Scobinancistrus aureatus – Golden Pleco
Scobinancistrus aureatus was described in 1994 by Burgess. Their common name is Golden Pleco. Before they were officially described, they were given the temporary L014 number. This L number has expired after the official description.
Some scientists have placed this species in the genus Panaque (Panaque aureatus), because of the spoon-shaped teeth that this species has in common with those Armored catfish. However, this classification does not seem to be generally accepted (yet).
Scobinancistrus aureatus can reach a total length of about 30 to 40 centimetres. They are dark brown with gold / yellow dots. Their sucker mouth is yellow and their belly is whitish. The fins show the same dot pattern. Only the dorsal and anal fins are trimmed with a yellow band at the rear.
As long as enough hiding places are offered, the Sunshine Pleco is a fairly peaceful and unproblematic fish that can be kept with a wide variety of fish. At first, this species tends to stay hidden during the daytime, to become active and start foraging for food once dusk sets in. But once acclimatized, however, they often emerge during day time too.

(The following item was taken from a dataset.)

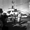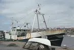 Småland, Kalmar län, Oskarshamn. Fiskebåtar från skärgården som (vilka) är inne och lämnar sin fångst.

Sunshine Pleco’s can be kept solitary as well as with its own kind or other robust bottom-dwelling fish. If a small group of these fish are kept together, it’s very important to assure that all fish have enough room to set up territories of their own and that enough hiding places (plants, rocks, wood) are present. If not, this generally peaceful fish can become stressed and develop a rather nasty, aggressive disposition towards its own kind as well as other bottom dwellers – and because of its impressive set of teeth, it can inflict serious, sometimes even fatal injuries!
South America: Rio Iriri, Rio Xingú (Altamira, Ilha da Fazenda), Pará, Brazil.
Like all members of the genus Scobinancistrus, the Sunshine Pleco is predominantly carnivorous: a quick glance at the impressive set of teeth will remove any last trace of doubt.
A vast array of different meaty foods are readily accepted: carnivore pellets, insect larvae (blood worms, mosquito larvae), tubifex, krill, fresh shrimp, mussel and fish meat. Once conditioned this fish usually takes algae tablets with equal enthusiasm, and often even nibbles on vegetable matter.
Other than that, this fish sporadically feeds on ‘Aufwuchs’, the organic matter that forms on submerged surfaces (plants, rocks, wood, aquarium walls), and often it will also take food remains left behind by tank mates, as well as soft wood.
This large, brightly coloured (what’s in a name) catfish-species prefers a dimly lit tank with a good number of hiding places, either created with plants, driftwood, rocks or artificial (pleco spawning) caves. To keep more than one specimen in the same tank, or together with other bottom-dwelling fish, you need at least a 60×20″ (150x50cm.) tank: this fish can become very territorial, and when suitable hiding places are lacking, it can be aggressive towards other bottom dwellers. When kept as only catfish in an aquarium, a tank size of 48×18″ (120x45cm.) is sufficient for an adult specimen. Juveniles can be raised in smaller tanks, the minimum tank size being 23×12″ (80x30cm).
The Sunshine Pleco does best in soft, slightly acidic to neutral water (pH 5.0-7,5), heavy oxygenation and a lot of underwater currents, but can adapt to somewhat less favourable conditions if acclimatized slowly and with care. A powerful filter system is required to cope with large amounts of waste this fish produces due to its high-protein diet.